▶ [Problem details]
Below are entries with pictures in them. Output exactly the lines starting at the line with "Montaż trakcji tramwajowej na Chrobrego" and ending at the line with "Stacked MAINE Blue", both included, but not the pictures.

▶ [Exercise data]
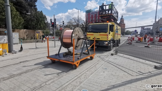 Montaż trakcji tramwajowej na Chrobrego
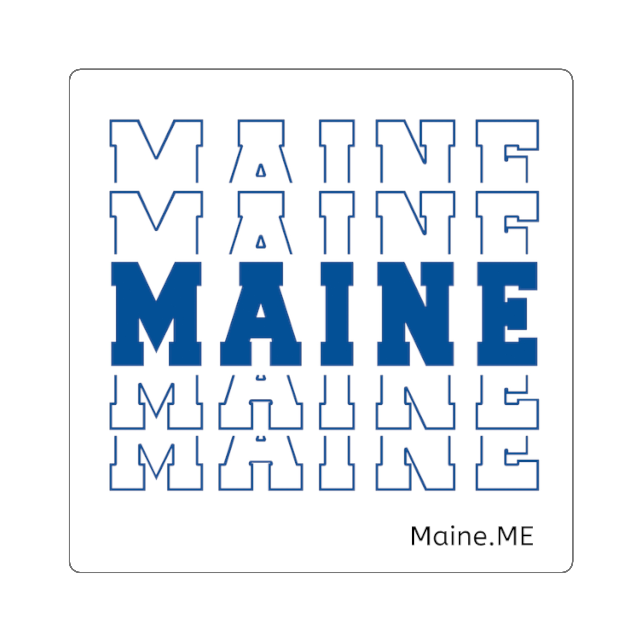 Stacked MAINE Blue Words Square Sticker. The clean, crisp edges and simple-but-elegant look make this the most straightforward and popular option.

* * *

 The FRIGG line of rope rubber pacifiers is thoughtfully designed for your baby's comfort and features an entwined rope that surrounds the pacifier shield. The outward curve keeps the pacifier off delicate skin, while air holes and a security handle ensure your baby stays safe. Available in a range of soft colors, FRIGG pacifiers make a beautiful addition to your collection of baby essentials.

==

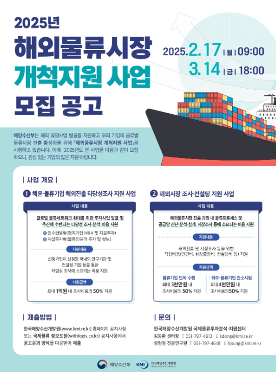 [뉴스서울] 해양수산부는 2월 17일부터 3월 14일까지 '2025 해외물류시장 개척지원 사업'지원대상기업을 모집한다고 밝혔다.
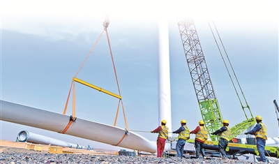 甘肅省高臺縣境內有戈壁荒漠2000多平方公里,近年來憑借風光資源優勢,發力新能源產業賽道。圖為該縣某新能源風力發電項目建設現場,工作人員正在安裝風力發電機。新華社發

▶ [Answer area]
 Montaż trakcji tramwajowej na Chrobrego
 Stacked MAINE Blue Words Square Sticker. The clean, crisp edges and simple-but-elegant look make this the most straightforward and popular option.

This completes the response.